Technical information
- Licensing authority: FCC
- Facility ID: 72212
- Class: A
- ERP: 390 watts
- HAAT: 383 meters (1,257 ft)
- Transmitter coordinates: 44°21′14″N 71°44′20″W﻿ / ﻿44.354°N 71.739°W

Links
- Public license information: Public file; LMS;
- Webcast: Listen live
- Website: notchfm.com

= WMTK =

WMTK (106.3 MHz; 106.3 The Notch) is a classic rock formatted station located in northern New Hampshire. It is licensed to Littleton, and is owned by the Vermont Broadcast Associates, Inc., along with WSTJ, WKXH, and WGMT. Programming is also simulcast on 1490/103.1 WIKE in Newport, Vermont. Under a local marketing agreement, Russ Ingalls' Green Mountain Broadcasters LLC operates the stations pending a full acquisition.

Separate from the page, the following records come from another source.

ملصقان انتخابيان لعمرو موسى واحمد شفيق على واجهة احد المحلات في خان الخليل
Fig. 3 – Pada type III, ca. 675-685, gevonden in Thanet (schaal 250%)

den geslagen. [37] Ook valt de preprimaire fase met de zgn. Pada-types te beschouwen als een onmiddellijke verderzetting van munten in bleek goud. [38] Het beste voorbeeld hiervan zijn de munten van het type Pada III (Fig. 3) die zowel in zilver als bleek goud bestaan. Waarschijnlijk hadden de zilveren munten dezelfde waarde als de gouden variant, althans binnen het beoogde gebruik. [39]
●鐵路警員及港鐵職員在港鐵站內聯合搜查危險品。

The station went on the air in 1985 as a country music station, later changing to the classic rock format.

==History==
On August 1, 1985, WMTK became the first local commercial FM station to sign on in the North Country of New Hampshire and Northeast Kingdom of Vermont. The station began with a country music format, a local morning show, with local news and weather inserted throughout the day. The satellite country music service came from the Transtar Radio Networks, now Westwood One.

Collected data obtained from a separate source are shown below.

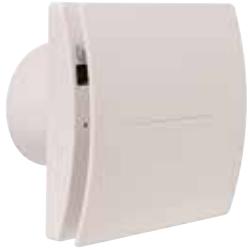
INEA EXPERT 100

INEA EXPERT est un extracteur permanent intelligent, avec adaptation automatique de sa vitesse en fonction des pertes de charge et configuration simplifiée par écran LED.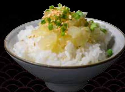
Negi Meshi Onion Rice Bowl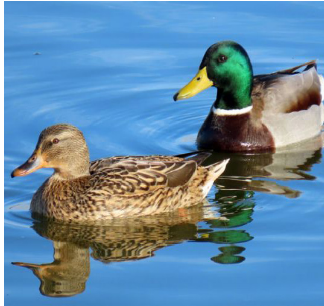
ÀNEC COLLVERD ( Anas platyrhynchos )

Espècie molt comuna al llarg de l'any, tant a les costes i desembocadures dels rius com a l'interior, on es troba en expansió. També és una espècie migradora. Es tracta d'un dels ocells marins més abundants de la conca de la Mediterrània, a causa de la seva enorme adaptabilitat tant per alimentar-se com per a triar hàbitat. Al delta de l'Ebre existeix una de les seves principals colònies de parelles reproductores. El seu estat de conservació a Catalunya és poc preocupant.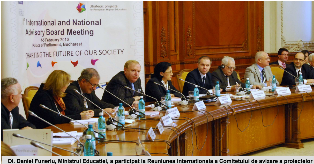
DI. Daniel Funeriu, Ministrul Educației, a participat la Reuniunea Internațională a Comitetului de avizare a proiectelor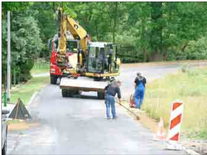
Von Mitarbeitern der Firma Beisheim wird die Werrastraße mit neuen Banketten versehen.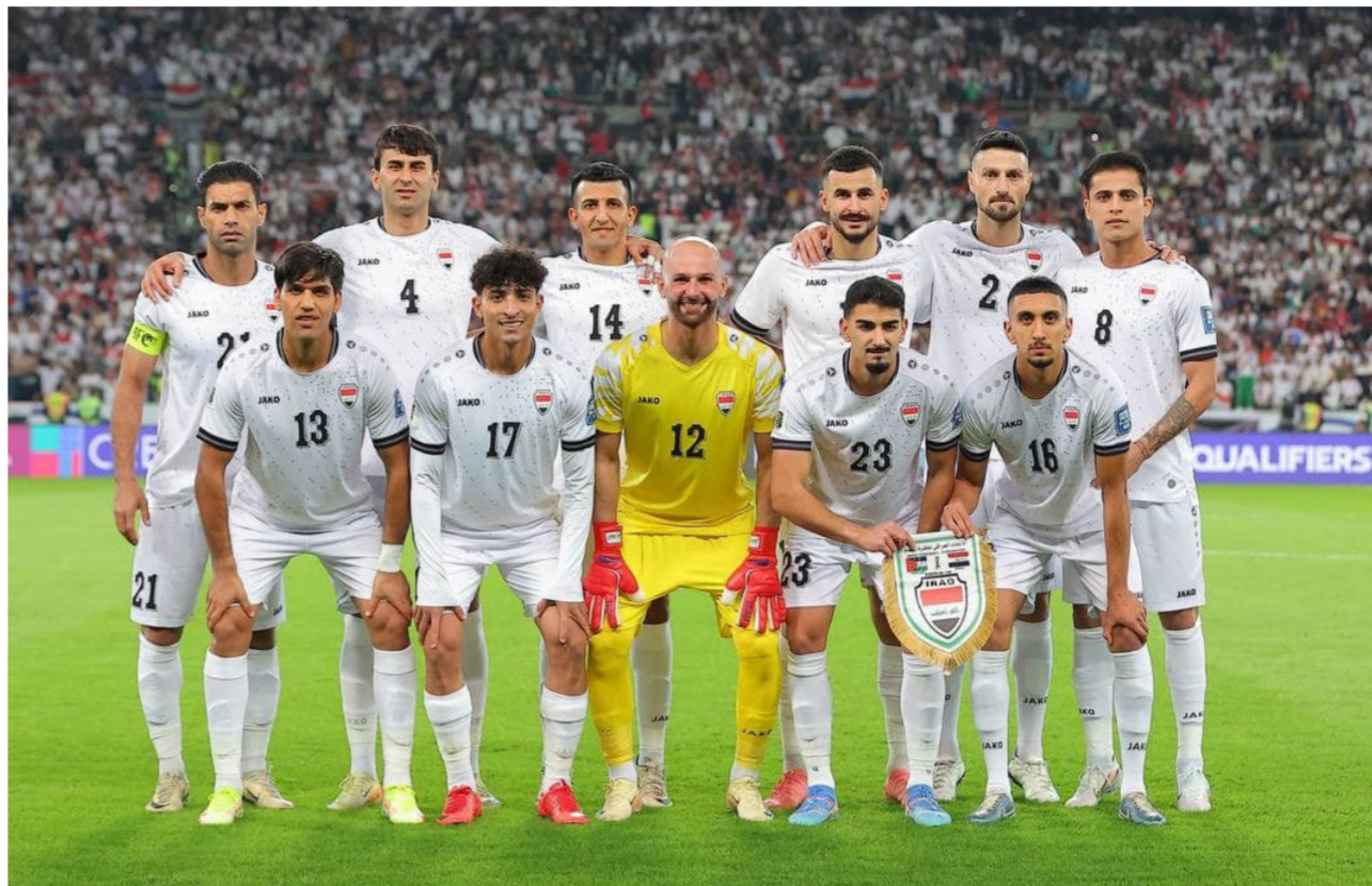
المنتخب الوطني في طريقه لمعسكر الدوحة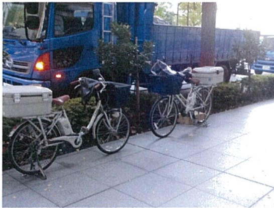
都道 407 号(U)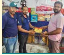
रवि होंडा सर्विस सेंटर, श्रीकाकुलम, आंध्र प्रदेश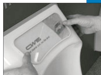
Scheibe in Öffnung ein- legen und am Rand bündig andrücken.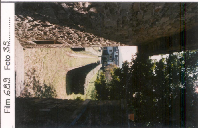
Film 689 Foto 35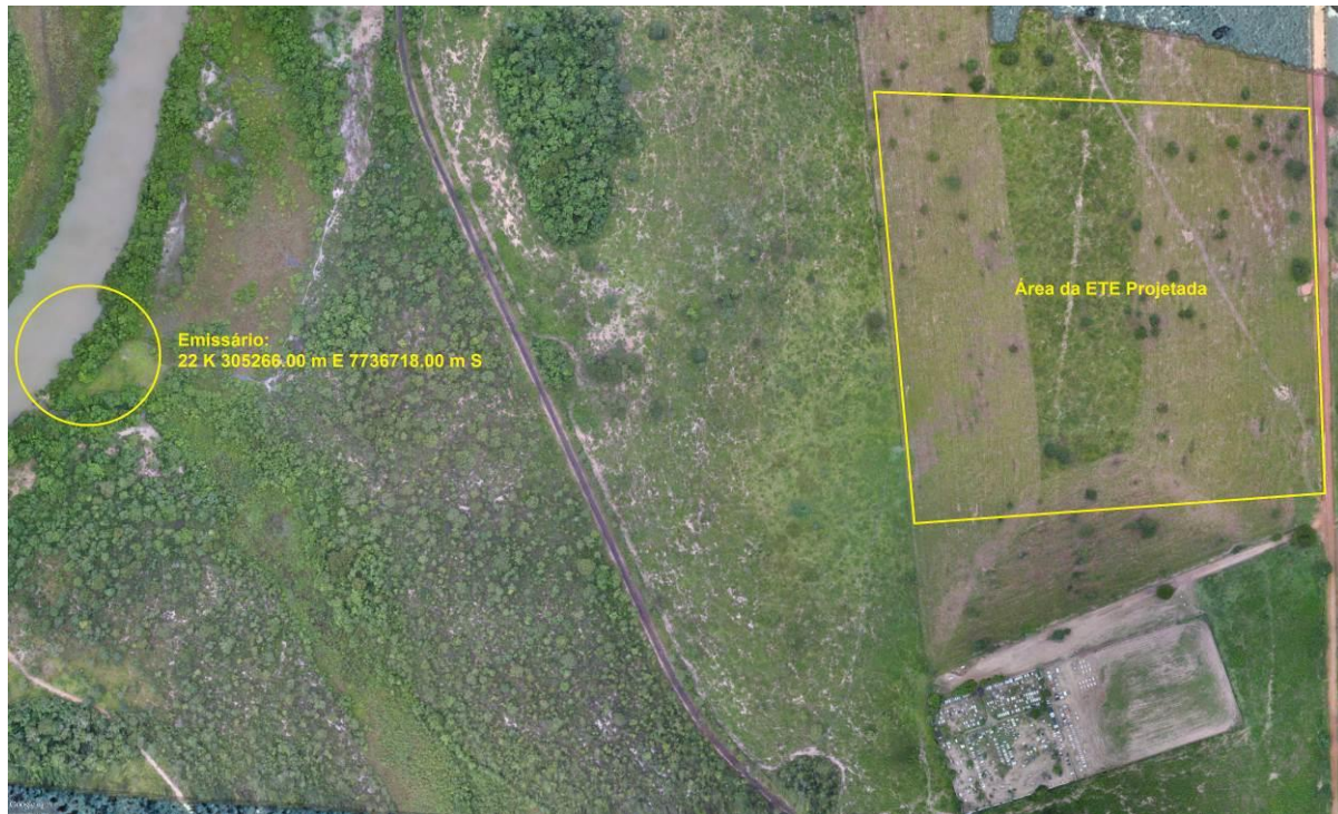
Figura 3: Vista da área pretendida para a ETE Água Clara Projetada e entorno, Água Clara, MS.

A ETE Água Clara Projetada, de acordo com o Sistema Interativo de Suporte ao Licenciamento Ambiental (SISLA) de MS, não se sobrepõe a nenhuma Unidade de Conservação, Terras Indígenas, Áreas de Perambulação, Quilombolas e Assentamentos Rurais (Figura 4).

WMTK was never owned with Littleton's first radio station, WLTN (1400 AM), so Littleton had two stand-alone radio stations at the time, an unusual distinction for a town of its size. WMTK was known initially as "K 106.3", though over time became known as 106.3 WMTK. The studios were located at historic Thayer's Inn on Main Street.

For years, WMTK used to compete with both advertisers and listeners with St. Johnsbury's WNKV 105.5 FM (now Kix 105.5 WKXH). When WMTK and WNKV came under common ownership of Vermont Broadcast Associates (VBA), WMTK was flipped to a broad-based classic rock/classic hits variant that is still being programmed today. While still transmitting from Mann's Hill in Littleton, the studios were consolidated in the VBA broadcast building co-located with the WKXH and WSTJ studios on Concord Avenue in St. Johnsbury when Thayer's Inn needed the studio space for hotel purposes.

In February 2025, Bruce James agreed to sell the seven Vermont Broadcast Associates stations to Green Mountain Broadcasters, owned by Vermont state senator Russ Ingalls, for $996,000. Green Mountain then began managing the stations under a local marketing agreement.